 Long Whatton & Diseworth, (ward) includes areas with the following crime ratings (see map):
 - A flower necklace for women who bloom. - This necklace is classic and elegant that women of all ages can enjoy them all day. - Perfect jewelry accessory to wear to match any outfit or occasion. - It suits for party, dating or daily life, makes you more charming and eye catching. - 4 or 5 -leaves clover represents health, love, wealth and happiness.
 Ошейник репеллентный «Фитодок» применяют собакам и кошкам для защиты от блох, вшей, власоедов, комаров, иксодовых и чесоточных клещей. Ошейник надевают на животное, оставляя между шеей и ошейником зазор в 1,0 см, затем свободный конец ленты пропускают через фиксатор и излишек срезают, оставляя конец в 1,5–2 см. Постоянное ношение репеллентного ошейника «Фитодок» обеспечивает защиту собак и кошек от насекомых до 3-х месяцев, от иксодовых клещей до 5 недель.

++++++++++

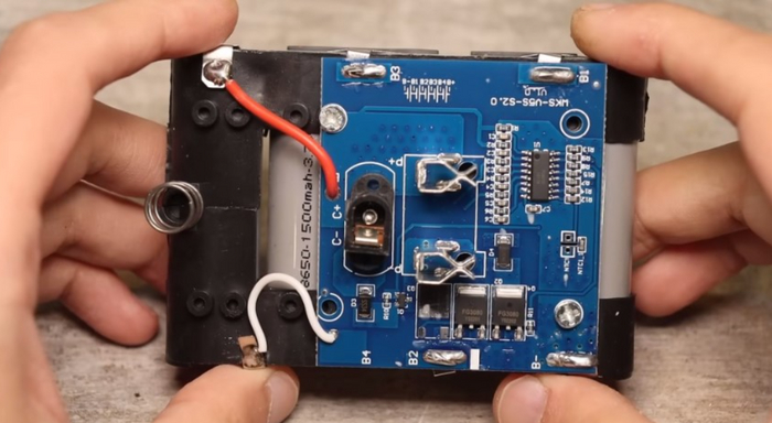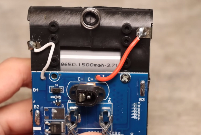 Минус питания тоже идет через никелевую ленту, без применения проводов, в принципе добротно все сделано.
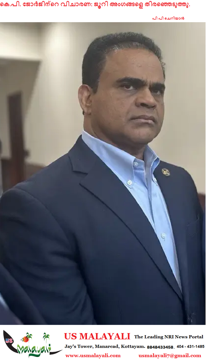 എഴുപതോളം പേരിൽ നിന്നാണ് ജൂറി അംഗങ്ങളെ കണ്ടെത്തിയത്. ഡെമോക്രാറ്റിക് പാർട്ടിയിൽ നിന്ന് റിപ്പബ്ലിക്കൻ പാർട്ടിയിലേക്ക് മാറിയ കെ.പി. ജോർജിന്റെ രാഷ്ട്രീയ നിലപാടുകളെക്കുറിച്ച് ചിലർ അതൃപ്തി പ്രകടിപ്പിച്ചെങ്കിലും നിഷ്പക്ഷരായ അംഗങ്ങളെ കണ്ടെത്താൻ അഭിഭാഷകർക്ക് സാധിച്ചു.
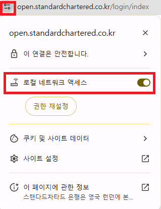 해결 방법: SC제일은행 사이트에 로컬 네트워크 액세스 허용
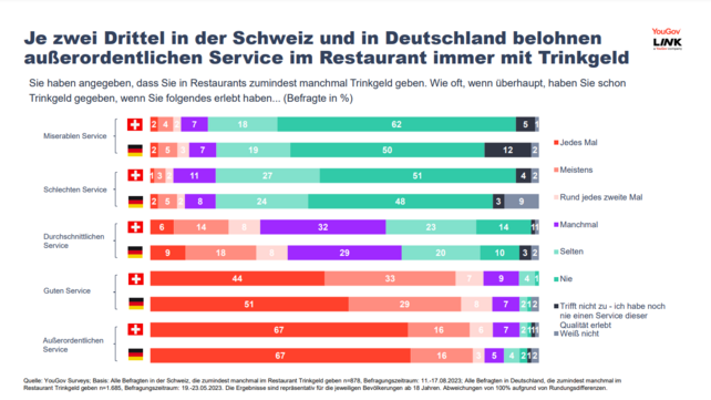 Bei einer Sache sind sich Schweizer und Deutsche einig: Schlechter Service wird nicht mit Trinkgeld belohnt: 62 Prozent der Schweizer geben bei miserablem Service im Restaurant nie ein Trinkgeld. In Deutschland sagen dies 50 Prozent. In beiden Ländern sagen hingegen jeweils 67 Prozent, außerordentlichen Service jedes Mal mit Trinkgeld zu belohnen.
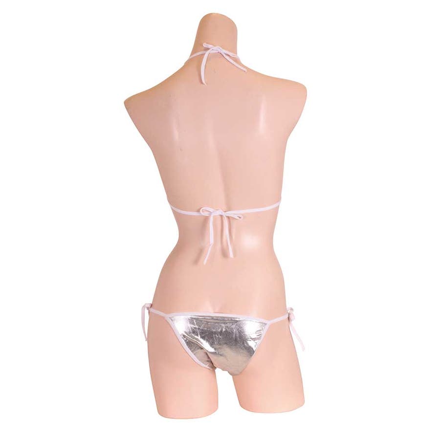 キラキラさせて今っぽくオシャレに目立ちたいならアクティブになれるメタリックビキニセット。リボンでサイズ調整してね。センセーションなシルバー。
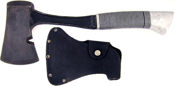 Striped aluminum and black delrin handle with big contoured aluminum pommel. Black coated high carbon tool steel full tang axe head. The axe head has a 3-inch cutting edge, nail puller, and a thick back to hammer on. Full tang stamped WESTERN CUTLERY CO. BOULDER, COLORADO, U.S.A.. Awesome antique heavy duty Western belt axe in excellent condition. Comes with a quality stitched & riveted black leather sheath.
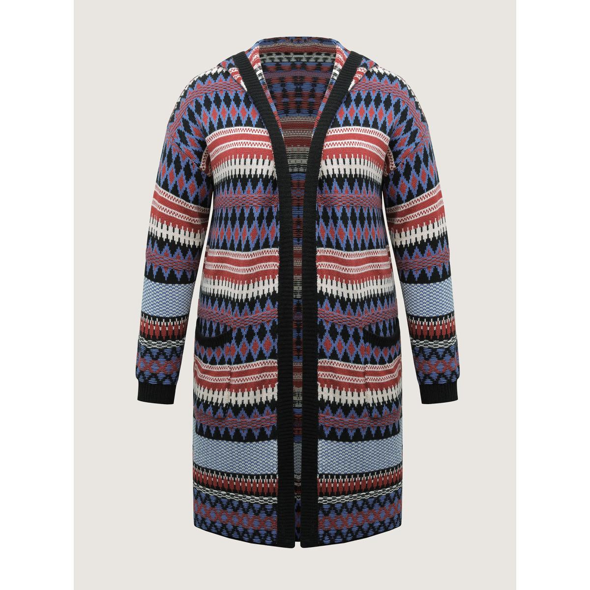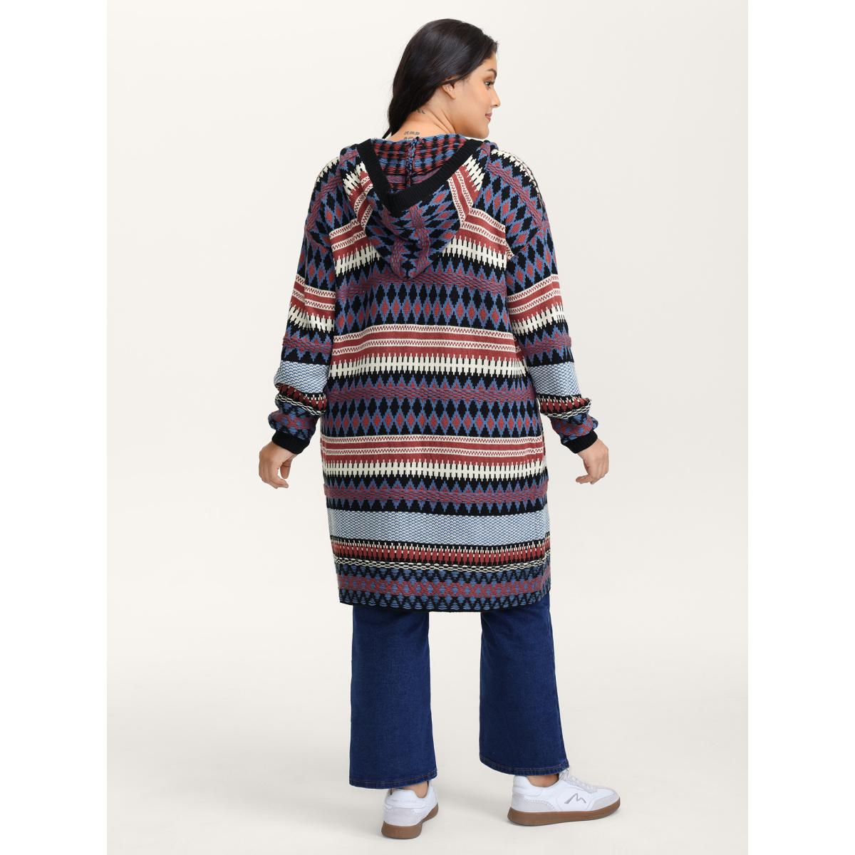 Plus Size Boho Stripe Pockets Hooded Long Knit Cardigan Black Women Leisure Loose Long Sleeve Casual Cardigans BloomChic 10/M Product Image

++++++++++

● TASK
In the entries above, find the line containing "Striped aluminum and" and the line containing "Plus Size Boho", then copy both and every line between them exactly, without any picture.

● TASK SOLUTION
 Striped aluminum and black delrin handle with big contoured aluminum pommel. Black coated high carbon tool steel full tang axe head. The axe head has a 3-inch cutting edge, nail puller, and a thick back to hammer on. Full tang stamped WESTERN CUTLERY CO. BOULDER, COLORADO, U.S.A.. Awesome antique heavy duty Western belt axe in excellent condition. Comes with a quality stitched & riveted black leather sheath.
 Plus Size Boho Stripe Pockets Hooded Long Knit Cardigan Black Women Leisure Loose Long Sleeve Casual Cardigans BloomChic 10/M Product Image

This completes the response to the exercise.